In [1]:
# Set up packages for lecture. Don't worry about understanding this code, but
# make sure to run it if you're following along.
import numpy as np
import babypandas as bpd
import pandas as pd
from matplotlib_inline.backend_inline import set_matplotlib_formats
import matplotlib.pyplot as plt
%reload_ext pandas_tutor
%set_pandas_tutor_options {'projectorMode': True}
set_matplotlib_formats("svg")
plt.style.use('fivethirtyeight')

np.set_printoptions(threshold=20, precision=2, suppress=True)
pd.set_option("display.max_rows", 7)
pd.set_option("display.max_columns", 8)
pd.set_option("display.precision", 2)

# Lecture 11 – Booleans and Conditionals, Iteration

## DSC 10, Summer 2022

### Announcements

- Homework 3 is due **Sat at 11:59pm.**
- Lab 4 is due **Tues 4/26 at 11:59pm**.
- Midterm Project will be released later this week and will be due **Sat 8/6 at 11:59pm**.
    - See [the spreadsheet for finding a partner][pairs].
    - If you work with a partner, you **must** follow these [pair programming guidelines](https://dsc10.com/pair-programming).
    - **Start early and come to office hours!**
- The midterm exam will take place on Fri, July 29 from 11:00-11:50am in class.
    - You can bring one 8.5" by 11" page of handwritten notes (double-sided is ok).
    - We'll also provide [the DSC 10 reference sheet][ref] during the exam.
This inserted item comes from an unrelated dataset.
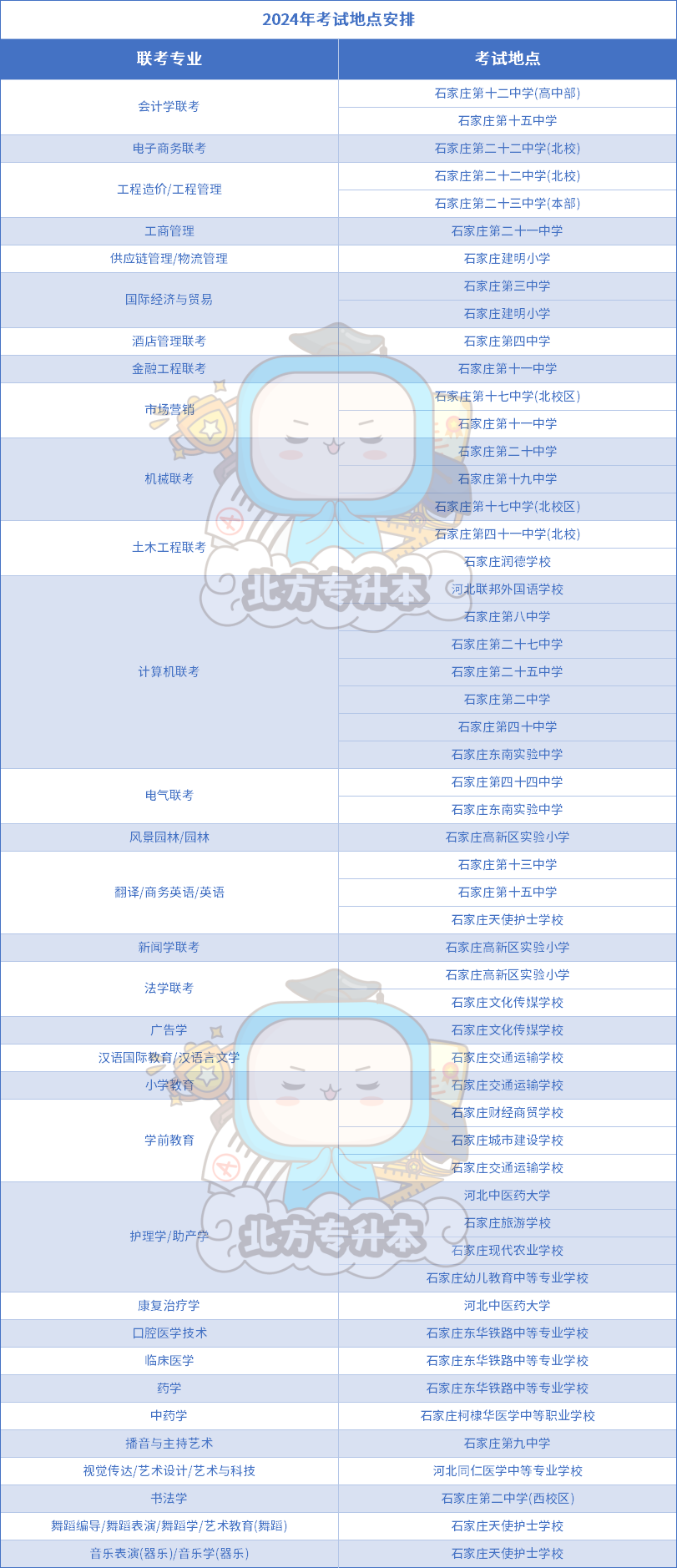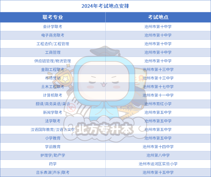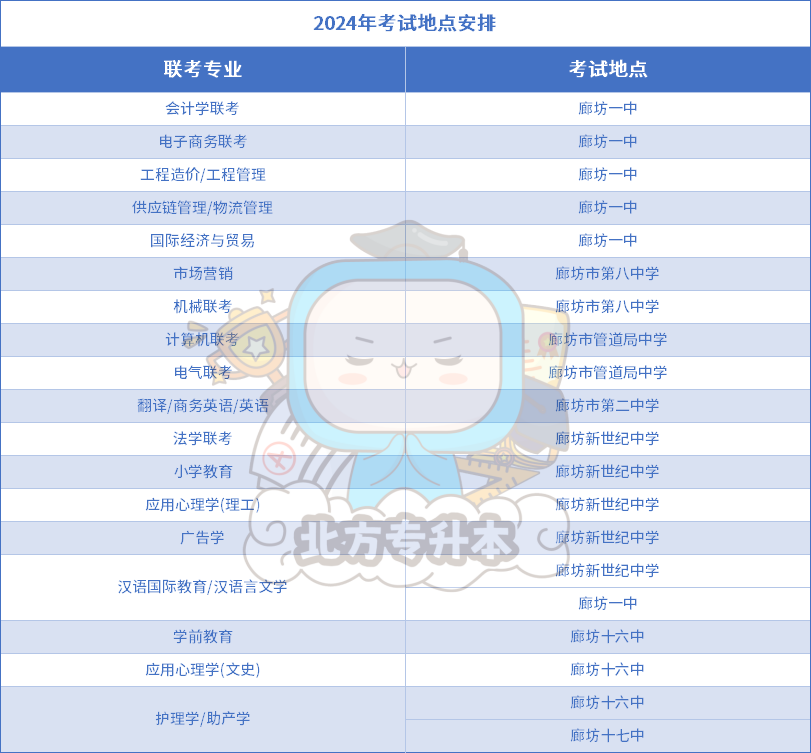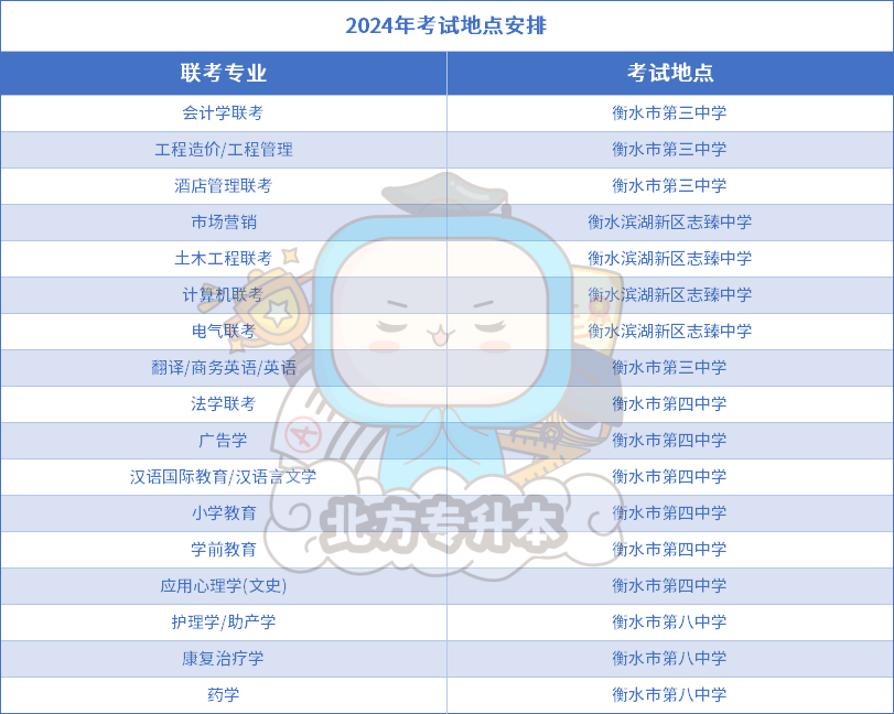 小北整理了2024年各地区各专业的考点安排

[ref]: https://drive.google.com/file/d/1mQApk9Ovdi-QVqMgnNcq5dZcWucUKoG-/view
[pairs]: 

### Agenda

- Booleans.
- Conditionals (i.e. `if`-statements).
- Iteration (i.e. `for`-loops).

**Note:** 
- We've finished introducing new DataFrame manipulation techniques. 
- The content we're covering today will become more relevant as we start to cover more ideas in statistics (next week).

## Booleans

## Booleans

- `bool` is a data type in Python, just like `int`, `float`, and `str`. 
    - It stands for "Boolean", named after George Boole, an early mathematician.
- There are only two possible Boolean values: `True` or `False`.
    - Yes or no.
    - On or off.
    - 1 or 0.
- There are three operators that allow us to perform arithmetic with Booleans – `not`, `and`, and `or`.
- Comparisons result in Boolean values.

In [2]:
x = True

In [3]:
type(x)

bool

In [4]:
3 > 5

False

### The `not` operator

Flips a `True` to a `False`, and a `False` to a `True`.

In [5]:
is_sunny = True

not is_sunny

False

### The `and` operator

- Placed between two `bool`s.
- `True` if **both** are true, otherwise `False`.

In [6]:
is_sunny = True
is_warm = False

is_sunny and is_warm

False

### The `or` operator

- Placed between two `bool`s.
- `True` if **at least one** of them is `True`, otherwise `False`.

In [7]:
is_sunny = True
is_warm = False

is_sunny or is_warm

True

In [8]:
# Both can be True as well!
True or True

True

### Comparisons and Boolean operators

- Remember, comparisons result in Boolean values.
- As usual, use **(parentheses)** to make expressions more clear.
    - By default, the order of operations is `not`, `and`, `or`.

In [9]:
first_name = 'king'
last_name = 'triton'
age = 19

first_name == 'triton' and age >= 21

False

In [10]:
last_name == 'triton' or (first_name == 'triton' and age >= 21)

True

In [11]:
# Different meaning!
(last_name == 'triton' or first_name == 'triton') and age >= 21

False

In [12]:
# `and` has precedence:
last_name == 'triton' or first_name == 'triton' and age >= 21

True

### Be careful!

In [13]:
a = True
b = False

not (a and b)

True

In [14]:
(not a) and (not b)

False

### Note: `&` and `|` vs. `and` and `or`

When performing Boolean arithmetic...
- Use the `&` and `|` operators between two Series. Arithmetic will be done in an elementwise fashion (i.e. separately for each row).
    - This is relevant when writing DataFrame queries, e.g. `df[(df.get('x') == 2) & (df.get('y') != 'ucsd')]`.
- Use the `and` and `or` operators between two Booleans.
    - e.g. `(x > 2) and (y != 'ucsd')`.

<div class="menti">
<div>

### Discussion Question

  
Suppose we define `a = True` and `b = True`. What does the following expression evaluate to?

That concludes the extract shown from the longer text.